Within the entries below, the lines from the one with "Expertly crafted from" through the one with "I shower and" are to be set down exactly, both ends kept.

DATA RECORDS:

═══

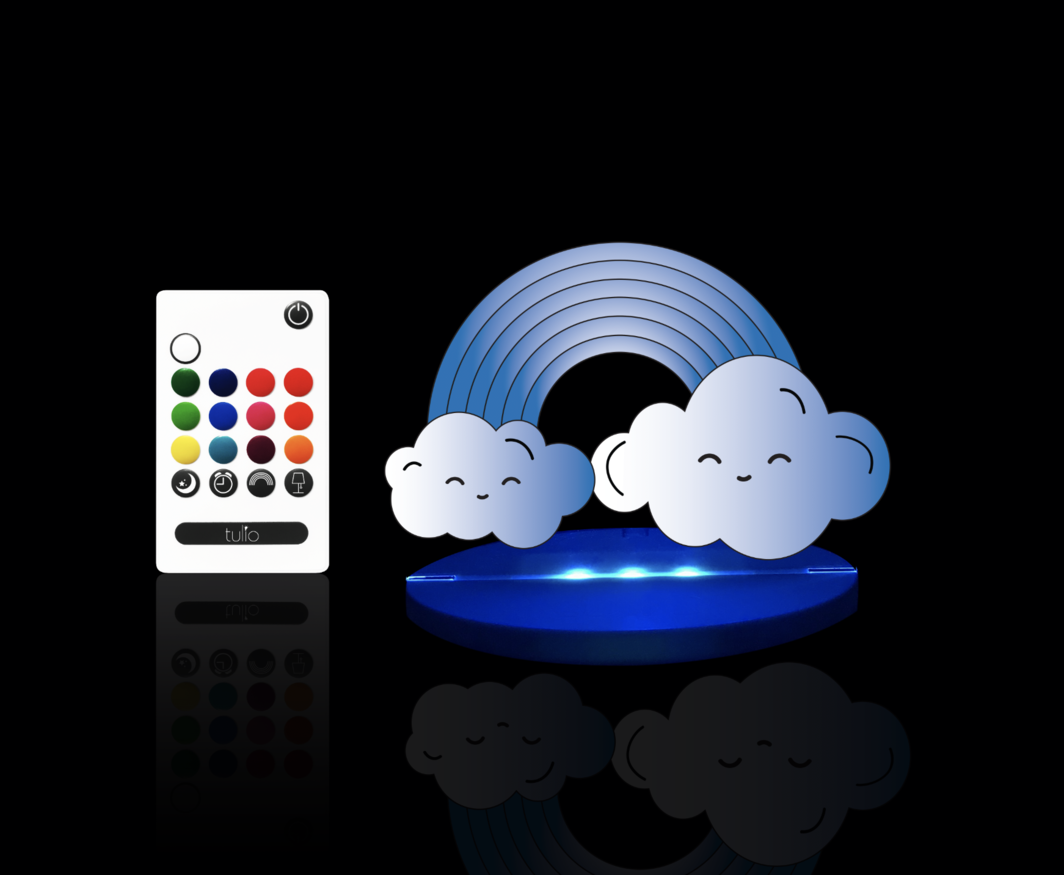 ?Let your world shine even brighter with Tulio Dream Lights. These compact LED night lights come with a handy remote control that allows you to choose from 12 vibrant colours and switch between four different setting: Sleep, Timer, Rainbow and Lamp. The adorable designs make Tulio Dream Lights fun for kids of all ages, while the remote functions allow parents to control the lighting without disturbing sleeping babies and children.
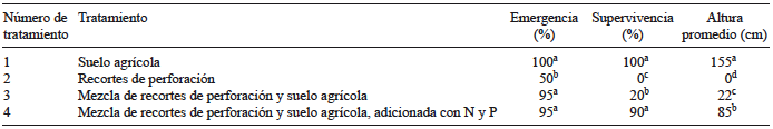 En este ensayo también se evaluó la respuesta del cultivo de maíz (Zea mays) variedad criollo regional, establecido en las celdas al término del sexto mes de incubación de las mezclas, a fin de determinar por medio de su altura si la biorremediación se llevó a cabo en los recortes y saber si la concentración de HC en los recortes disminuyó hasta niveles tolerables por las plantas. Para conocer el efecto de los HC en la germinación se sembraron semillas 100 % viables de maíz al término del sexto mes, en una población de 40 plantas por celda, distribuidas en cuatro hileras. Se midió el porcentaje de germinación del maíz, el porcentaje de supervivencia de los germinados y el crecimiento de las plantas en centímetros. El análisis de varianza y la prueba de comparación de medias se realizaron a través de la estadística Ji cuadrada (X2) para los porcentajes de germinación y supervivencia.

═══

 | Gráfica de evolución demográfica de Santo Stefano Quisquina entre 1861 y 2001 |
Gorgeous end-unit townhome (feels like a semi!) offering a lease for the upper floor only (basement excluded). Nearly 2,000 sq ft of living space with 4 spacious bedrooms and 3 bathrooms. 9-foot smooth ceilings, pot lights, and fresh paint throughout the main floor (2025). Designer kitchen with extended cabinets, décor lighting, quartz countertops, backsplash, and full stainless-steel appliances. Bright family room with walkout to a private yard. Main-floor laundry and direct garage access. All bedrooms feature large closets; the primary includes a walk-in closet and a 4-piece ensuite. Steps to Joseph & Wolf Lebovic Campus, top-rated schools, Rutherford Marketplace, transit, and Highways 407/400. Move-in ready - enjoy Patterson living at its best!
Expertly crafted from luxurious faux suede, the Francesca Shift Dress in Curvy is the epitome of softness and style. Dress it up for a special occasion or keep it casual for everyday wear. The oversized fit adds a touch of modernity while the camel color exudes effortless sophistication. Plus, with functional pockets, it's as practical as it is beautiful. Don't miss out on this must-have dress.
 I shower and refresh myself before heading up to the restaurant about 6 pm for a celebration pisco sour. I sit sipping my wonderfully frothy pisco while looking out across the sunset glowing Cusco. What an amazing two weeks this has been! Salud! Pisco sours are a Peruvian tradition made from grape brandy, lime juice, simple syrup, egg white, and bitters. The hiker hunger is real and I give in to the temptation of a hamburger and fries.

═══

TASK ANSWER:
Expertly crafted from luxurious faux suede, the Francesca Shift Dress in Curvy is the epitome of softness and style. Dress it up for a special occasion or keep it casual for everyday wear. The oversized fit adds a touch of modernity while the camel color exudes effortless sophistication. Plus, with functional pockets, it's as practical as it is beautiful. Don't miss out on this must-have dress.
 I shower and refresh myself before heading up to the restaurant about 6 pm for a celebration pisco sour. I sit sipping my wonderfully frothy pisco while looking out across the sunset glowing Cusco. What an amazing two weeks this has been! Salud! Pisco sours are a Peruvian tradition made from grape brandy, lime juice, simple syrup, egg white, and bitters. The hiker hunger is real and I give in to the temptation of a hamburger and fries.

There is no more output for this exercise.